Activity :: The required answer is the data below, restated word for word with images omitted.
== Provided material ==
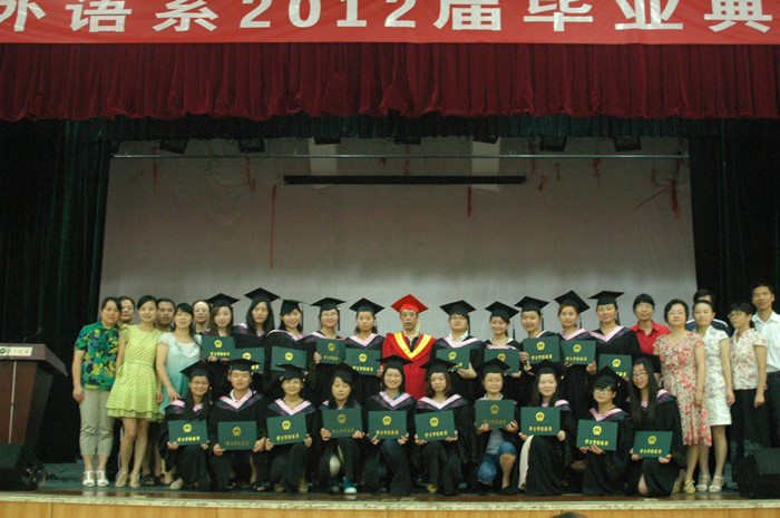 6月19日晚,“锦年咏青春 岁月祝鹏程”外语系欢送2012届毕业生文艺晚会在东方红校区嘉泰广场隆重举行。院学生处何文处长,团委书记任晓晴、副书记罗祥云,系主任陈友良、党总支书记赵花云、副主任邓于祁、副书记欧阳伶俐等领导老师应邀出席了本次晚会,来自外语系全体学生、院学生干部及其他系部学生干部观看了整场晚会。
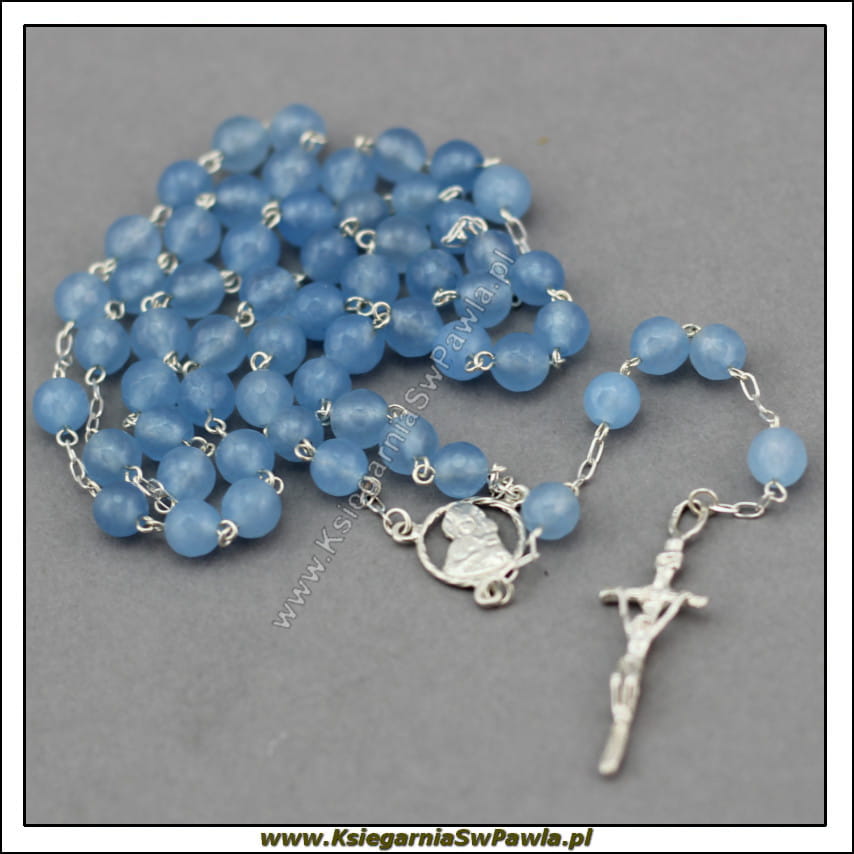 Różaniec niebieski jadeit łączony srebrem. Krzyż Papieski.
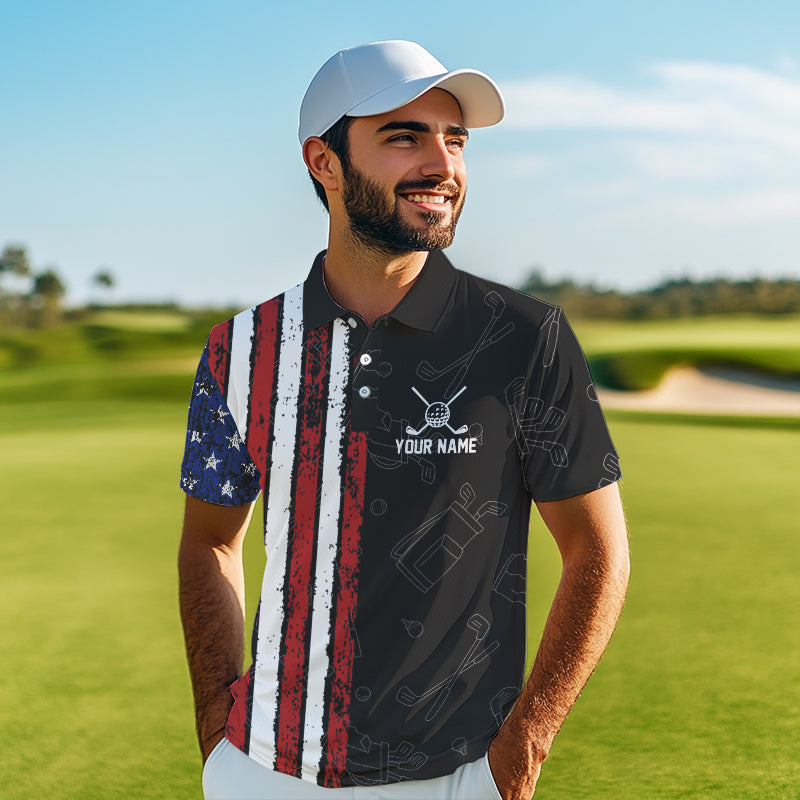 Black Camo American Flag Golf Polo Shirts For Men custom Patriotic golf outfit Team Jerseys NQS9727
===
Solution to this exercise ::
 6月19日晚,“锦年咏青春 岁月祝鹏程”外语系欢送2012届毕业生文艺晚会在东方红校区嘉泰广场隆重举行。院学生处何文处长,团委书记任晓晴、副书记罗祥云,系主任陈友良、党总支书记赵花云、副主任邓于祁、副书记欧阳伶俐等领导老师应邀出席了本次晚会,来自外语系全体学生、院学生干部及其他系部学生干部观看了整场晚会。
 Różaniec niebieski jadeit łączony srebrem. Krzyż Papieski.
 Black Camo American Flag Golf Polo Shirts For Men custom Patriotic golf outfit Team Jerseys NQS9727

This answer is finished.